We took the bus back to the compound, which I definitely want to do again, I just need to figure out the schedule/stops. It’s less of a bus, more of a touring van. Like what you’d load tourists into to see the sights, or what a school would use to take a small class on a field trip. We asked, “Touymalik?” because we needed to go up Touymalik street, and stepped on.
It was pretty packed, and I didn’t see any seats to sit down on. A man pointed to a contraption on the side of a normal seat, and when folded into the aisle it became another seat!
It cost 500 dinar (about 40 cents), so I got my money out and looked for someone to give it to. The man sitting next to me was collecting his friend’s money, and put his hand out to take mine. Reluctantly I gave him my money, and then he passed the wad of cash to the seat in front of him, and the money slowly made its way up to the driver. An honor system of payment.

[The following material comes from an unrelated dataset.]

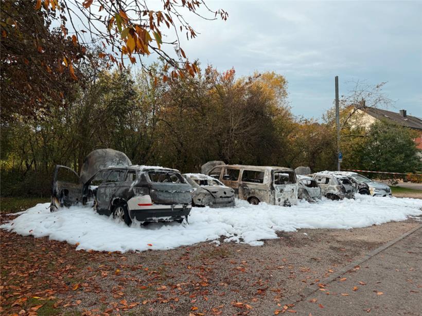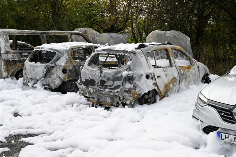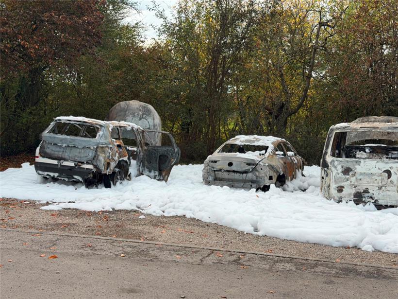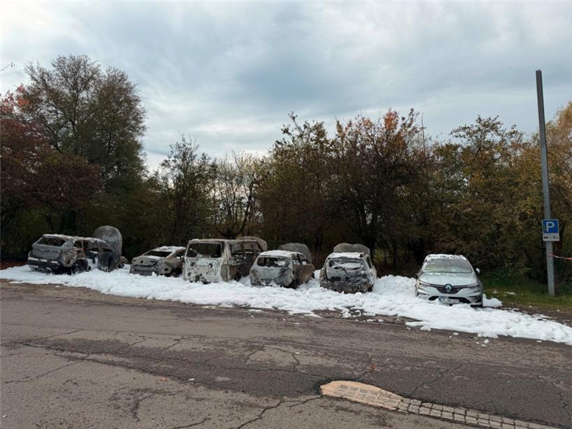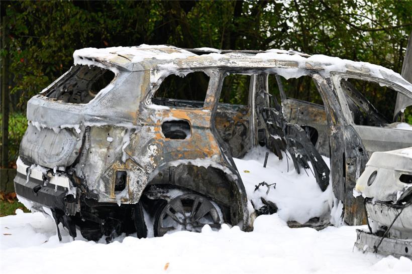 Fünf Autos sind am Bahnhof Belval-Rédange komplett ausgebrannt

As we waited for the bus to take off, this giant AC tube pumped cold air into an open window of the bus from the roof of a nearby building. When the bus filled up, the passenger nearest the tube shoved it out the window (it bounced out and kinda hung off the side of the building, waiting for the next bus), and we left.
No one talked on the bus, not even the men who were friends. Devin, though, was jabbering my ear off, and I tried to ignore him. Just because I feel it’s more respectful to do as the locals do. Devin and I have a difference in travel philosophy. He thinks that, since it’s obvious he’s a traveler, others will make allowances if he doesn’t do things exactly like the locals. So he wears shorts, talks on buses, won’t learn Kurdish (only Arabic, because it’s more useful. Psh. Only if you’re not living in Kurdistan.) etc.

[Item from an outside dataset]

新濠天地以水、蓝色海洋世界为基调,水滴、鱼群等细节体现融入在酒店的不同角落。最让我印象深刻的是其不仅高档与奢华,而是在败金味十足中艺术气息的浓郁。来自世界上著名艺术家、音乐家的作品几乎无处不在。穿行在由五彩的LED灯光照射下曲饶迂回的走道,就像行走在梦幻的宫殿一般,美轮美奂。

Me, I think this is a kind of excuse not to put yourself out of your comfort zone. When I’m somewhere different, I try to do things like the locals. Yes, I’m going to mess up, and I’m never going to do things exactly like locals, but I think it’s respectful to try, and I also grow from the experience. Yeah, it sucks to wear long sleeves in 95 degree heat, but it shows me my own way of living isn’t the right way. Because there isn’t one correct way to live, there are just options.
nowet chia?: What’s your name?
na zan’m: I don’t know
m’n bash’m: I’m fine (in response to ‘choni bashi?’)
brsima: I’m hungry!
One thought on “The Bazaar”
I think that respecting local customs is a very wise choice.